■ Task description ■
Please print every record below exactly as written, leaving out the pictures.

════

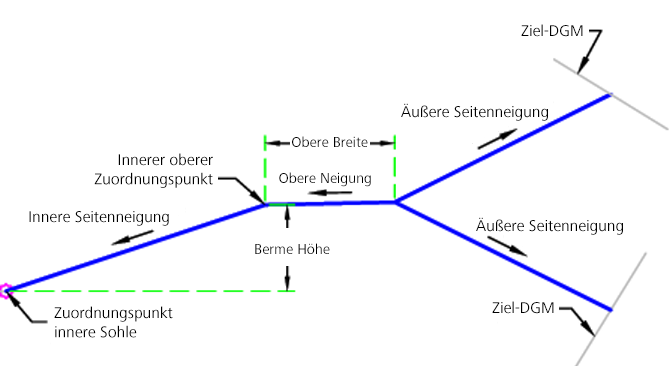 Der Zuordnungspunkt befindet sich an der inneren Sohle oder inneren Oberkante der Berme. Diese Komponente kann entweder der linken oder der rechten Seite zugeordnet werden.
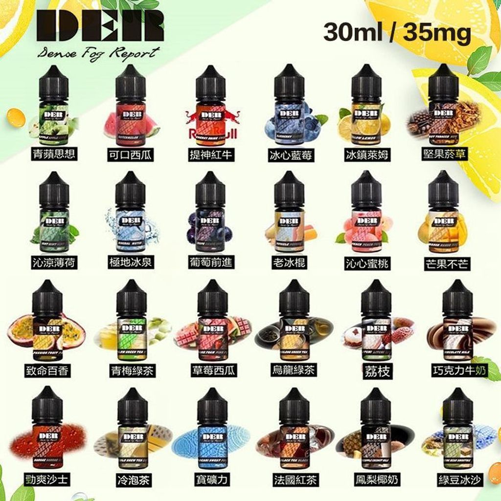 DER 小煙油系列是一款美國進口電子煙煙油,採用 30ml容量設計,提供多種不同風味選擇。系列口味涵蓋水果、薄荷、茶香與煙草等類型,適合喜歡多樣口味的電子煙使用者。
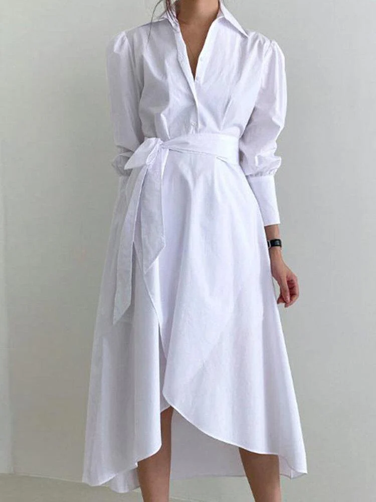 deanwangkt Women Vintage Irregular Hem Lapel Solid Color Cotton Lace-Up Long Sleeve Dress
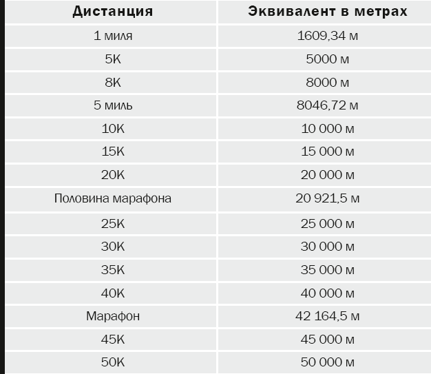 Как видите, существует много дистанций, которые преодолевают спортсмены, бегущие по шоссейным дорогам, грунтовым дорожкам, тротуарам и тропам во всем мире. Конечно, забег может проводиться на любую произвольную дистанцию. Можно получить много удовольствия, если договориться «просто бежать отсюда до того столба». Причина, по которой дистанции стандартизированы, а маршруты точно вымерены и даже сертифицированы, состоит в стремлении получить возможность для сравнения времени, за которое преодолевают дистанцию бегуны. Таким образом, региональные и даже мировые рекорды становятся достоверными и сравнимыми. Они позволяют сравнивать ваши показатели с показателями ваших друзей, а также отслеживать свой прогресс от забега к забегу.
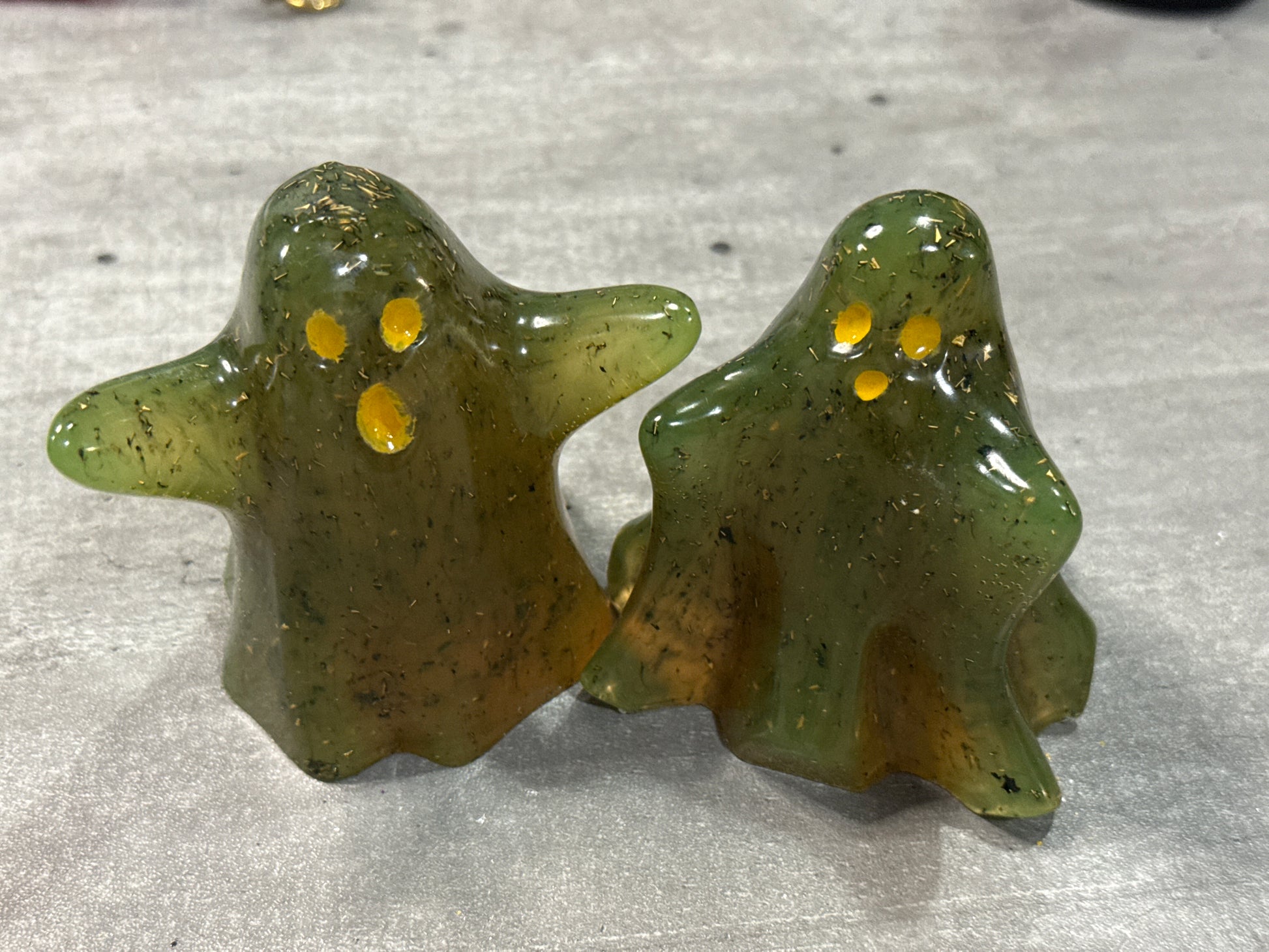 These ghosty friends are crafted with high-quality resin, foil flake or glitter, and mica powder for a stunning and spooky glow-in-the-dark effect. Perfect for Halloween parties or adding a touch of whimsy to any room. Give a unique and eerie touch to your decor with these one-of-a-kind ghosts.
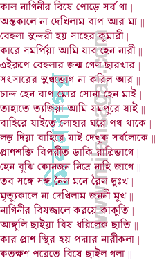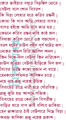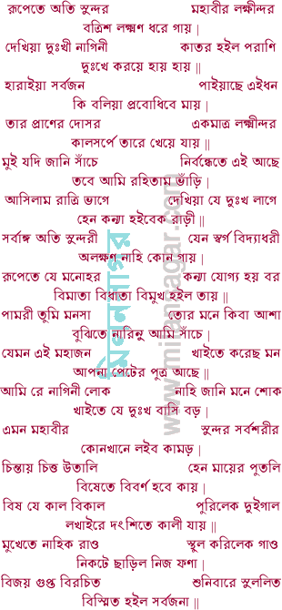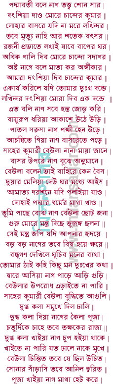আজু বিয়া হইল রাতি না চিনিলে নিজ পতি নাগিনী দংশিয়া গেল মোরে | যদি জানিতাম সাঁচে এতেক নির্বন্ধ আছে বিয়ার রাত্রে সাপে খাবে মোরে || এক দিবসের লাগি তোমার বধের ভাগী এই পাপে নরকে বিভোগ ||
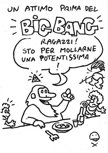 La scienza si è occupata dei primi attimi dopo il Big Bang, ma mai di quelli prima, e ciò che non è investigabile dalla scienza lo è dalla teologia. La tesi della vignetta è che non ci sia un disegno intelligente dietro la creazione, ma un moto spontaneo. Un po’ quello che ha fatto Renzi alla Leopolda… – Just few seconds before Big Bang: -“Hey guys! Here comes the Mighty Flatulence!”… There is no intelligent design behind creation, but a spontaneous peristaltic movement… Link to this articleComplesso di inferiorità / Inferiority complex

════

■ Completed task ■
 Der Zuordnungspunkt befindet sich an der inneren Sohle oder inneren Oberkante der Berme. Diese Komponente kann entweder der linken oder der rechten Seite zugeordnet werden.
 DER 小煙油系列是一款美國進口電子煙煙油,採用 30ml容量設計,提供多種不同風味選擇。系列口味涵蓋水果、薄荷、茶香與煙草等類型,適合喜歡多樣口味的電子煙使用者。
 deanwangkt Women Vintage Irregular Hem Lapel Solid Color Cotton Lace-Up Long Sleeve Dress
 Как видите, существует много дистанций, которые преодолевают спортсмены, бегущие по шоссейным дорогам, грунтовым дорожкам, тротуарам и тропам во всем мире. Конечно, забег может проводиться на любую произвольную дистанцию. Можно получить много удовольствия, если договориться «просто бежать отсюда до того столба». Причина, по которой дистанции стандартизированы, а маршруты точно вымерены и даже сертифицированы, состоит в стремлении получить возможность для сравнения времени, за которое преодолевают дистанцию бегуны. Таким образом, региональные и даже мировые рекорды становятся достоверными и сравнимыми. Они позволяют сравнивать ваши показатели с показателями ваших друзей, а также отслеживать свой прогресс от забега к забегу.
 These ghosty friends are crafted with high-quality resin, foil flake or glitter, and mica powder for a stunning and spooky glow-in-the-dark effect. Perfect for Halloween parties or adding a touch of whimsy to any room. Give a unique and eerie touch to your decor with these one-of-a-kind ghosts.
আজু বিয়া হইল রাতি না চিনিলে নিজ পতি নাগিনী দংশিয়া গেল মোরে | যদি জানিতাম সাঁচে এতেক নির্বন্ধ আছে বিয়ার রাত্রে সাপে খাবে মোরে || এক দিবসের লাগি তোমার বধের ভাগী এই পাপে নরকে বিভোগ ||
 La scienza si è occupata dei primi attimi dopo il Big Bang, ma mai di quelli prima, e ciò che non è investigabile dalla scienza lo è dalla teologia. La tesi della vignetta è che non ci sia un disegno intelligente dietro la creazione, ma un moto spontaneo. Un po’ quello che ha fatto Renzi alla Leopolda… – Just few seconds before Big Bang: -“Hey guys! Here comes the Mighty Flatulence!”… There is no intelligent design behind creation, but a spontaneous peristaltic movement… Link to this articleComplesso di inferiorità / Inferiority complex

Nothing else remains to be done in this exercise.